- [WHAT TO DO]: Print the entries in full, word for word, but not the pictures.

THE RECORDS START

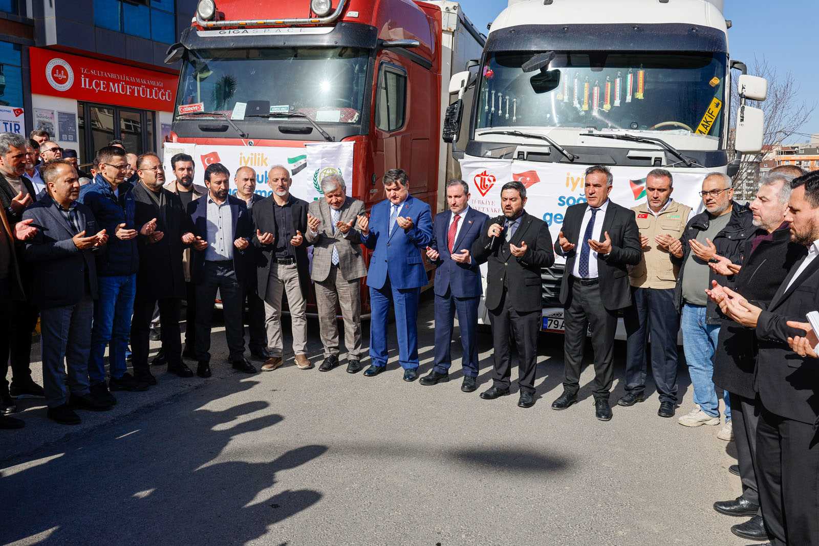 “İyilik Soğuk Geçirmez” projesi çerçevesinde şu ana kadar Gazze, Suriye ve Sudan’a 20 tır insani yardım malzemesi gönderen Sultanbeylili sivil toplum kuruluşları, düzenlenen programda 5 tır yardım malzemesi daha gönderdi. Sultanbeyli İlçe Müftülüğünün önünde düzenlenen uğurlama töreni Kur'an-ı Kerim tilavetiyle başladı.
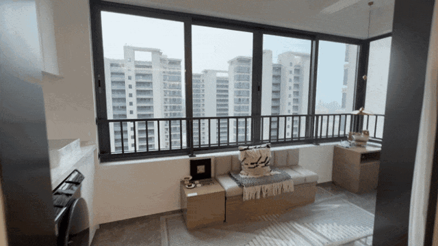 再比如客厅南面就是一个直接延伸到次卧的大阳台,甚至客厅和次卧之间还没有承重墙,发挥的空间很大。
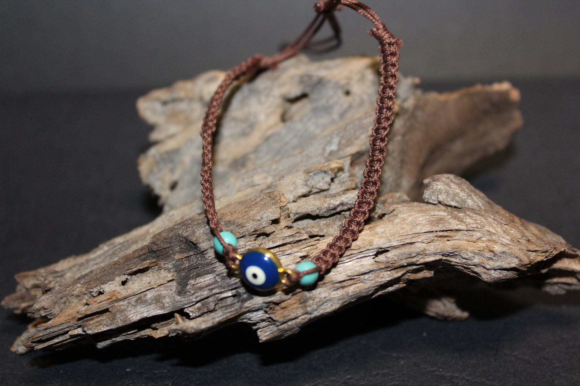 Brown cotton adjustable Macrame Anklet/Bracelet with the protective 'Evil Eye' charm and blue howlite beads.
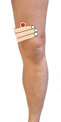 1. 使用四指指腹及手掌上半部(近指端),由 膝上方至腹股溝下緣,拍打大腿的內側,最少 19下,重覆三次。完成後,再拍,正前方、前 外方及外側,共四線。
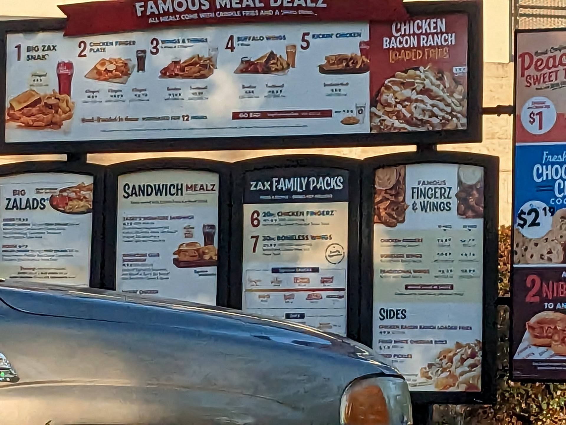 Read moreI really wish this place could get its act together. Every single time I use this location, I am disappointed in one way or another. Sometimes it’s completely messing up an order and sometimes it’s the small but stupid things. For instance: today, I ordered two 6 pc finger baskets. Finger baskets (correct me if I am wrong) come with Zax sauce, correct? Well, mine came with all ranch packets. And if you know anything about little old me, I believe Ranch to be the most disgusting food item ever concocted. So, you can understand my frustration at getting home, and expecting to see Zax sauce, but being greeted instead by the most disgusting condiment ever.
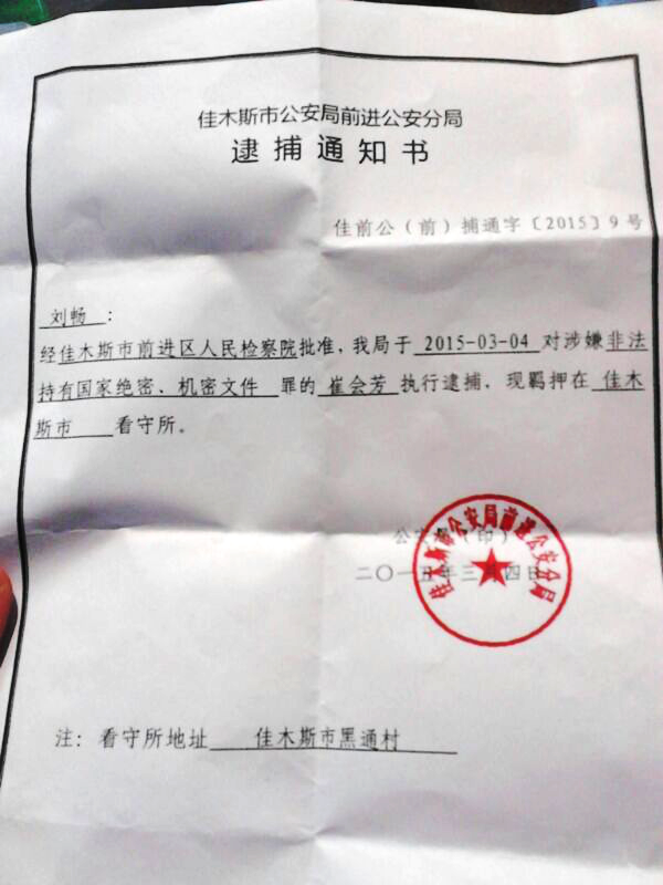 三月五日,崔会芳的家属被告知崔会芳已被批捕,被控“非法持有国家绝密机密文件”,并叫其去签取批捕通知单,此前佳木斯市前进区检察院批捕科孙宏国和另外两个人,曾去佳木斯市看守所告知崔会芳本人已被批捕。

THE RECORDS END

- [RESULT FOR THIS EXERCISE]:
 “İyilik Soğuk Geçirmez” projesi çerçevesinde şu ana kadar Gazze, Suriye ve Sudan’a 20 tır insani yardım malzemesi gönderen Sultanbeylili sivil toplum kuruluşları, düzenlenen programda 5 tır yardım malzemesi daha gönderdi. Sultanbeyli İlçe Müftülüğünün önünde düzenlenen uğurlama töreni Kur'an-ı Kerim tilavetiyle başladı.
 再比如客厅南面就是一个直接延伸到次卧的大阳台,甚至客厅和次卧之间还没有承重墙,发挥的空间很大。
 Brown cotton adjustable Macrame Anklet/Bracelet with the protective 'Evil Eye' charm and blue howlite beads.
 1. 使用四指指腹及手掌上半部(近指端),由 膝上方至腹股溝下緣,拍打大腿的內側,最少 19下,重覆三次。完成後,再拍,正前方、前 外方及外側,共四線。
 Read moreI really wish this place could get its act together. Every single time I use this location, I am disappointed in one way or another. Sometimes it’s completely messing up an order and sometimes it’s the small but stupid things. For instance: today, I ordered two 6 pc finger baskets. Finger baskets (correct me if I am wrong) come with Zax sauce, correct? Well, mine came with all ranch packets. And if you know anything about little old me, I believe Ranch to be the most disgusting food item ever concocted. So, you can understand my frustration at getting home, and expecting to see Zax sauce, but being greeted instead by the most disgusting condiment ever.
 三月五日,崔会芳的家属被告知崔会芳已被批捕,被控“非法持有国家绝密机密文件”,并叫其去签取批捕通知单,此前佳木斯市前进区检察院批捕科孙宏国和另外两个人,曾去佳木斯市看守所告知崔会芳本人已被批捕。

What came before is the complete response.